:: Records shown ::

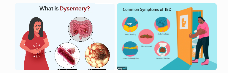 (Images above show typical features of dysentery — severe abdominal pain, inflamed colon, bloody and mucous stools, and rectal bleeding.)
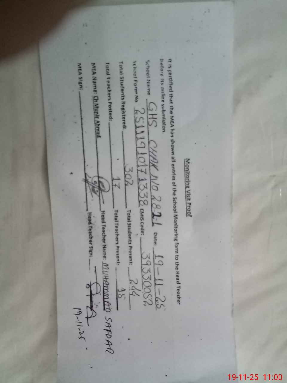 | EMIS Code: 39330052 | Name of School: GHS CHAK NO.28/2-L OKARA | |||
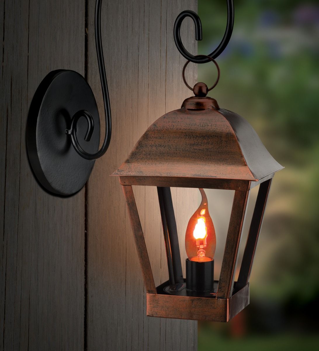 Classic styling with aged-looking metal, these lanterns emit a soft warm glows from the flickering LED solar light from the flame shaped glass bulb. The swirl shaped metal hanger and sturdy mounting bracket will secure these to the side of any home or fence. Can also hang from Regal's new shepherd hook stakes, or just place on the patio table. Available in three styles.
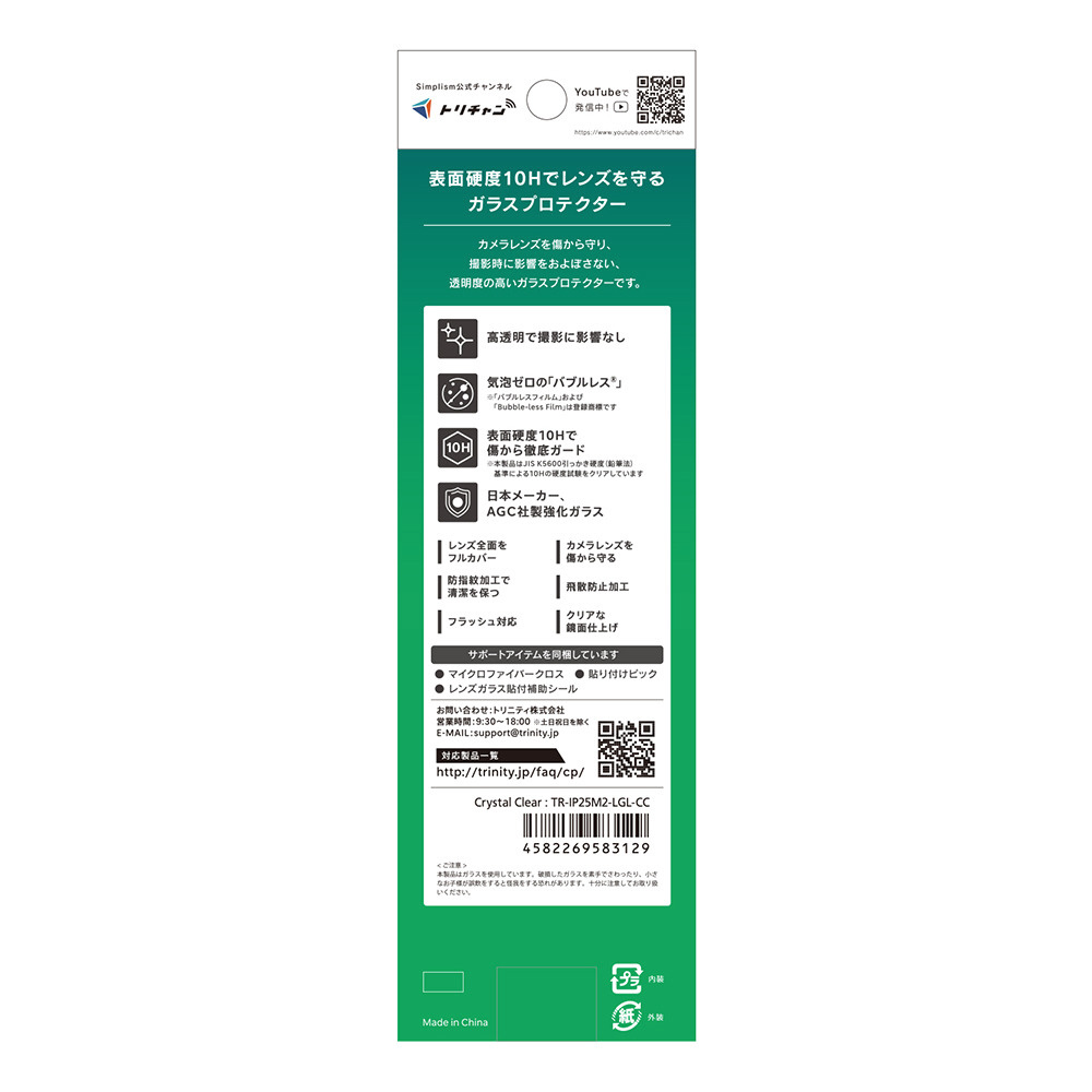 iPhone 17 / 16 / 16 Plus レンズフィルム 精密設計ケース専用 高透明 レンズ保護ガラス TR-IP25M2-LGL-CC
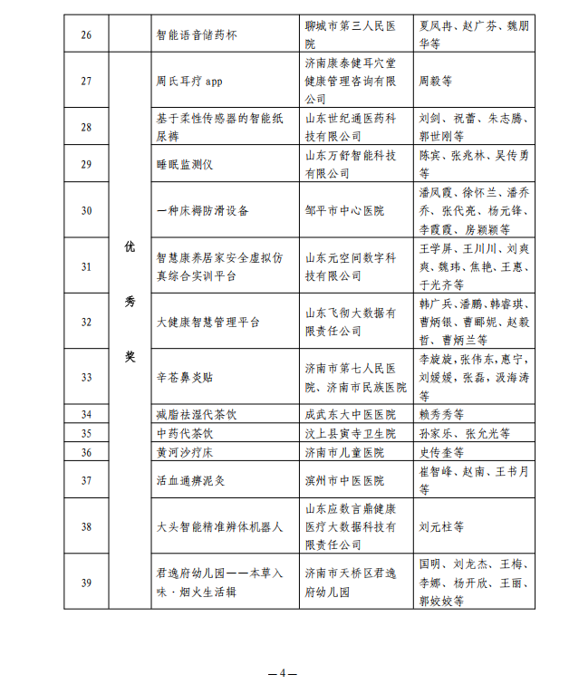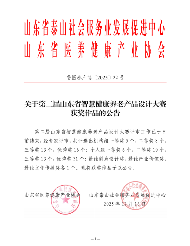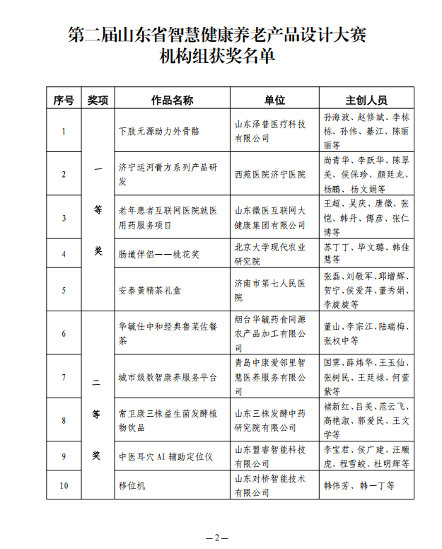 关于第二届山东省智慧健康养老产品设计大赛获奖作品的公告
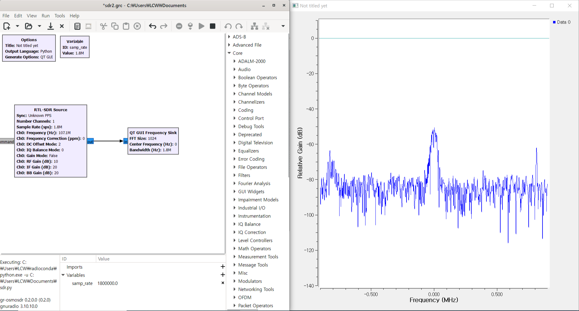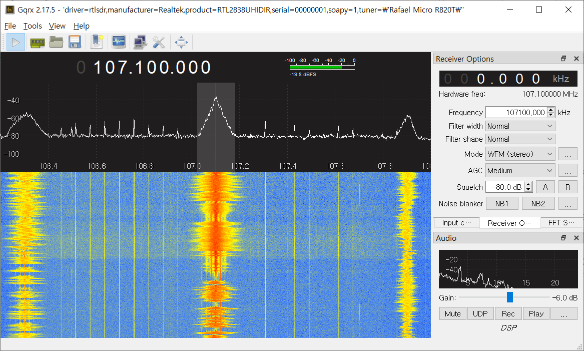 마지막으로 설치완료 후 gqrx를 통해 FM방송을 들어보고, 시험삼아 GNU Radio를 통해 전파 스펙트럼을 plot해 볼게요!
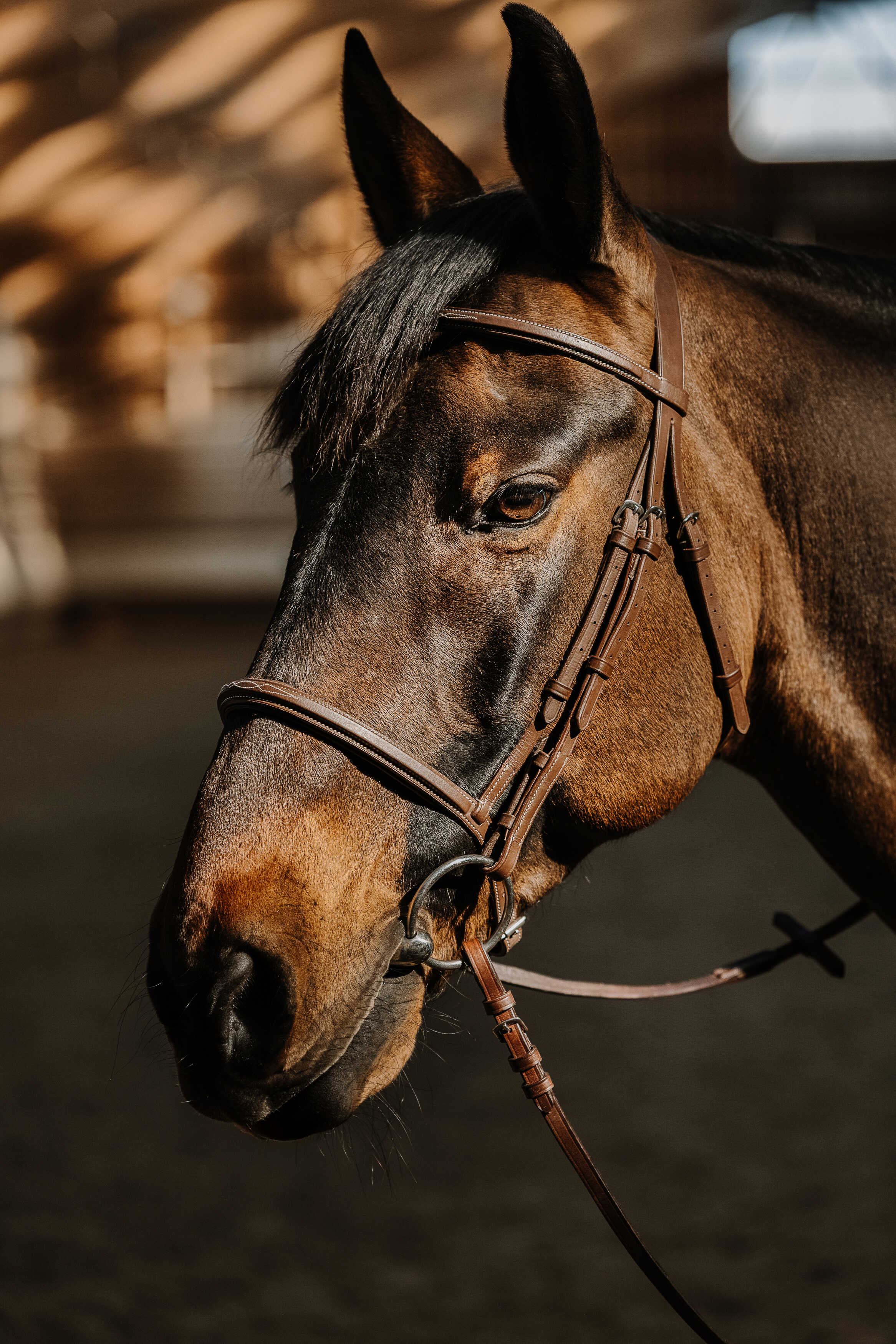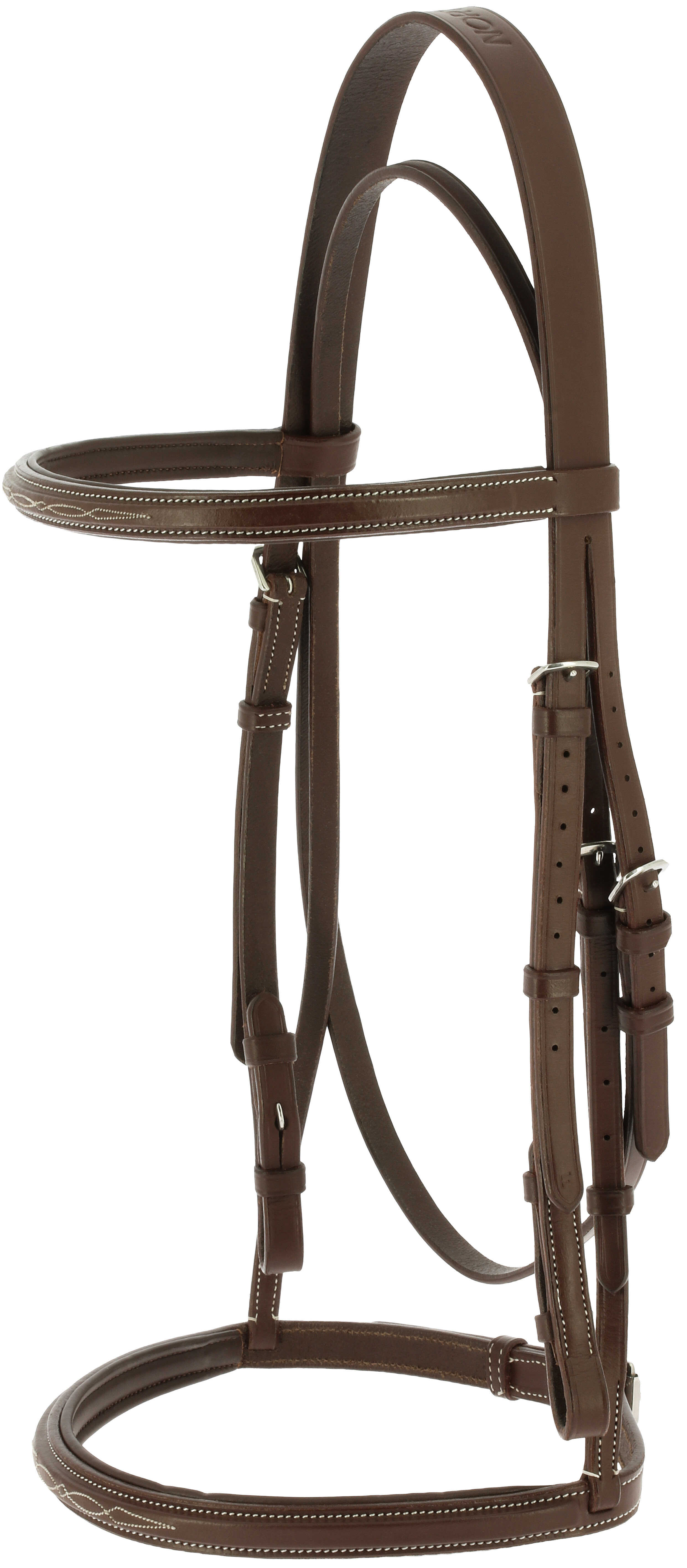 Schlichtes, aber sehr elegantes Aussehen, französisch bombierte Trense und Nasenriemen.

:::

Assigned task. Please transcribe every record above exactly as written, leaving out the pictures.

Task solution.
 (Images above show typical features of dysentery — severe abdominal pain, inflamed colon, bloody and mucous stools, and rectal bleeding.)
 | EMIS Code: 39330052 | Name of School: GHS CHAK NO.28/2-L OKARA | |||
 Classic styling with aged-looking metal, these lanterns emit a soft warm glows from the flickering LED solar light from the flame shaped glass bulb. The swirl shaped metal hanger and sturdy mounting bracket will secure these to the side of any home or fence. Can also hang from Regal's new shepherd hook stakes, or just place on the patio table. Available in three styles.
 iPhone 17 / 16 / 16 Plus レンズフィルム 精密設計ケース専用 高透明 レンズ保護ガラス TR-IP25M2-LGL-CC
 关于第二届山东省智慧健康养老产品设计大赛获奖作品的公告
 마지막으로 설치완료 후 gqrx를 통해 FM방송을 들어보고, 시험삼아 GNU Radio를 통해 전파 스펙트럼을 plot해 볼게요!
 Schlichtes, aber sehr elegantes Aussehen, französisch bombierte Trense und Nasenriemen.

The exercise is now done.